Дон Мигель перекрестился и попятился назад. Он смотрел на меня оторопело и даже со страхом.
- И ты можешь говорить о своей душе, как цыган об ослике?
- Я могу говорить о своей душе так, словно участвую в ученом диспуте, а это не то же самое. Но сделайте милость, присядьте.
Я подтолкнул его к стулу и сам сел рядом. В полумраке глаза Дона Мигеля казались мне усталыми и тусклыми. Весь пыл благочестия сосредоточился у него теперь в кистях рук - длинных, темных, похожих на искореженные железные крюки. Он положил свою ладонь на мою, и я вздрогнул, как от прикосновения скелета.
- Я назвал тебя "сын мой", но это неверно. Ты - это я сам, и в сей краткий миг промелькнула предо мной вся моя молодость, проведенная расточительно и беспутно. Не знаю, не Господь ли послал тебя, дабы умерить мою гордыню. Тогда готов я пасть на колени и лобызать твои руки. Ты послан мне, чтобы воскресить мои воспоминания. Я - грешник, я оскорбил Всевышнего и поскупился на покаяние.
Он и впрямь упал на колени и хотел было поцеловать мне руки. Я с трудом удержал его, потом ласково погладил по седым волосам.
- Успокойтесь. Я знать не знаю, каковы были ваши прегрешения, но не думаю, что могут они сравниться с моими.
- Я полагаю своим долгом направить тебя на верный путь.

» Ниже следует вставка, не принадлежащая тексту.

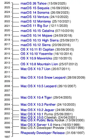 A prominent part of macOS's original brand identity was the use of the Roman numeral X, pronounced "ten", as well as code naming each release after species of big cats, and later, places within California.[18] Apple shortened the name to "OS X" in 2011 and then changed it to "macOS" in 2016 to align with the branding of Apple's other operating systems.[19] In 2020, macOS Big Sur was presented as version 11—a marked departure after 16 releases of macOS 10—but the naming convention continued to reference places within California. In 2025, Apple unified the version number across all of its products to align with the year after their WWDC announcement, so the release announced at the 2025 WWDC, macOS Tahoe, is macOS 26.[20]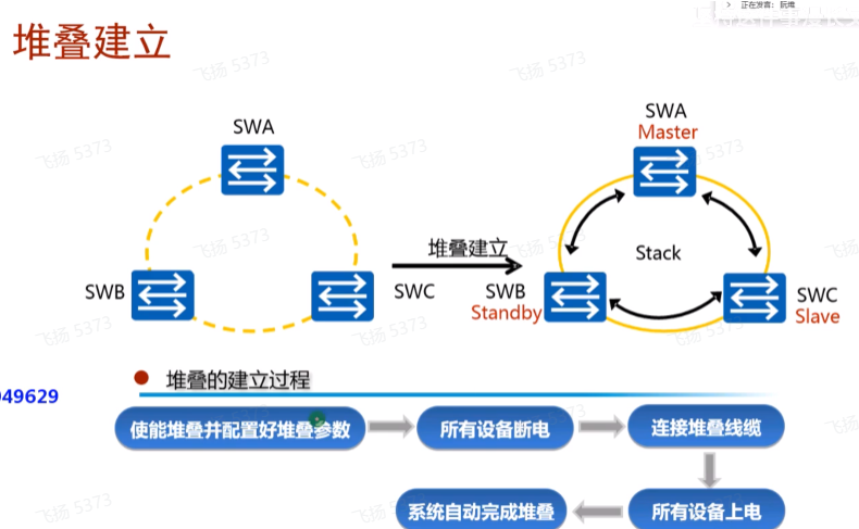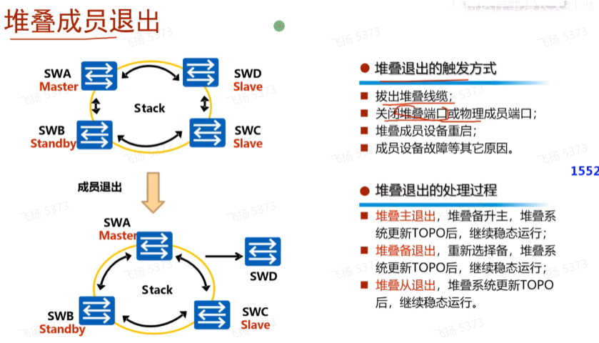 堆叠端口是一个逻辑接口,就跟eth一样。上图为环形堆叠,swc两端连接全断了,c才会退出堆叠。另一种堆叠方式为链型堆叠。环形的堆叠系统可靠性更高,不容易分裂。链型堆叠,中间down了,就会形成两套堆叠系统-脑裂,产生配置冲突。

- А я не противлюсь этому.
- Будучи юнцом, я жил бездумно и как одержимый гнался за плотскими наслаждениями, тешил свое тщеславие, покуда в одну из ночей, когда я вернулся с очередной пирушки, Господь не сжалился надо мной и не явил мне картину моего погребения. С тех пор всякий поступок я обращаю во спасение свое. И, видя человека, погрязшего в пороке, непременно рассказываю ему в назидание эту историю.

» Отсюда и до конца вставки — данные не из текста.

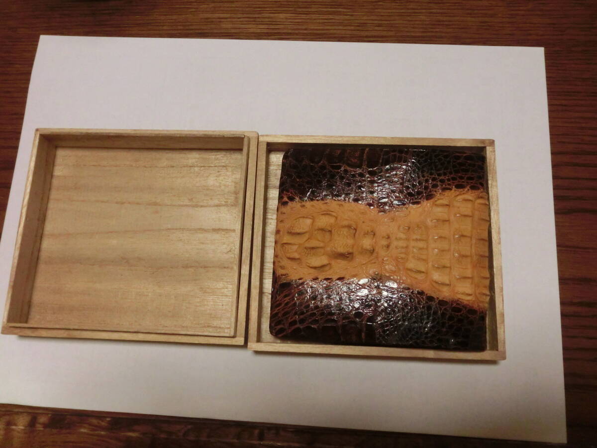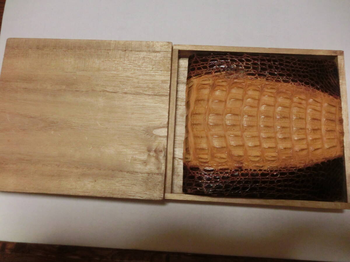 当時物、美品、未使用、自宅保管、桐箱付き、背ワニ、2つ折り財布の出品です。

- Но мне от нее проку мало. У меня все иначе: я не порочен и не тщеславен. Да и смерть понимаю по - своему.
- Но смерть, как ни взгляни, всегда одна! Конец всему, час ужаса, час страха! Тело теряет все человеческое, нет больше лица - есть череп. Смерть холодна, - он запнулся, - черна, - он снова замолк. - И Господь, - он поднялся, - потому что вот он Господь, - он указал в темный угол, - во всеоружии гнева своего. И горе тому, кто не несет раскаяния на ладони своей! И будет тому сказано: "Прочь, проклятый, тебе - вечный огонь, геенна огненная".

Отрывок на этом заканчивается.